What Do We Know About Stem Cell For Optic Nerve Damage?

The discovery of regenerative treatments for the optic nerve and its translation from the laboratory to the clinic has piqued the attention of glaucoma patients, ...

What Do We Know About Stem Cell For Optic Nerve Damage?

The discovery of regenerative treatments for the optic nerve and its translation from the laboratory to the clinic has piqued the attention of glaucoma patients, scientists, and physicians alike, and stem cell therapy is one of many potential methods being investigated.

We recently heard from a glaucoma patient who paid $20,000 to participate in a "patient-funded study" in which he or she got "stem cell injections" around one eye.

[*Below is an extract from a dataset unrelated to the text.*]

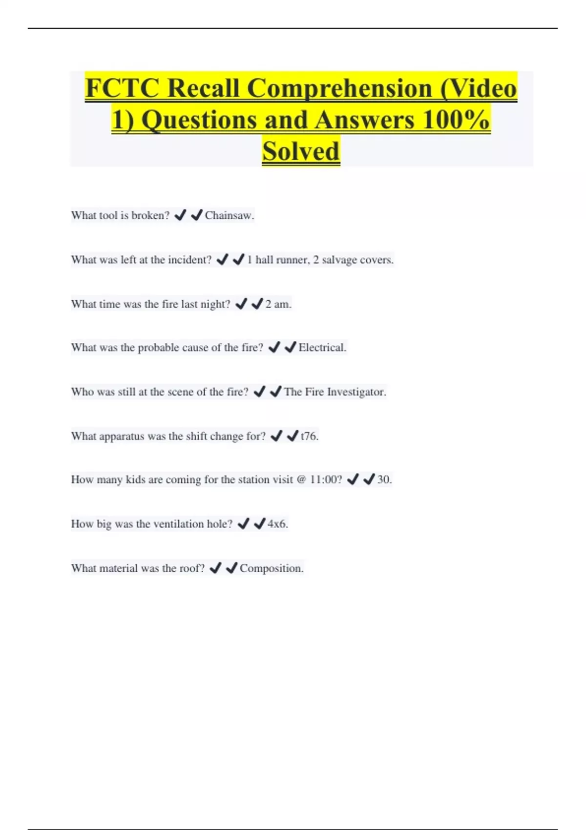 FCTC Recall Comprehension (Video 1) Questions and Answers 100% Solved What tool is broken? ️️Chainsaw. What was left at the incident? ️️1 hall runner, 2 salvage covers. What time was the fire last night? ️️2 am. What was the probable cause of the fire? ️️Electrical

Patients pay to participate in research that are financed by them. Clinical studies are costly, and financing from conventional sources (such as the National Institutes of Health, pharmaceutical corporations, or private foundations) is dwindling.

Although patient-funded research seems on the surface to offer a way for patients to access experimental treatments, it is contentious for a variety of scientific and ethical reasons. The gold standard for evaluating an experimental treatment is a randomised clinical trial, in which participants are randomly assigned to either the experimental treatment group or a control group, which may or may not receive any treatment (placebo-controlled study), or may receive standard, approved therapies. Normally, both study patients and physicians are ignorant of who gets which therapy, thus this research design reduces bias toward one treatment over another. Stem cell for optic nerve damage is offered by the best hospitals.

Patients-funded studies, on the other hand, do not include a control group since it is very improbable that patients would pay if there was a chance they would not get the experimental therapy. A control group is critical for determining if an experimental therapy has an impact and for comparing the effectiveness and dangers of the experimental treatment to those of other therapies. Stem cell for optic nerve damage can be taken care of by the best hospital and doctors.

The ethical implications are much more serious. These include disparities in treatment access and the danger of exploitation of vulnerable patients who have exhausted all other treatment choices and are ready to risk their lives for an untested therapy. Furthermore, a lack of appropriate supervision and monitoring for patient-funded studies has been observed, raising the potential that these are thinly disguised efforts by the treating clinic or physician to earn money before the FDA approves novel treatment techniques.

Because a gold standard research study is not always possible, judgments on the benefits and dangers of a therapy may have to be made based on the available data.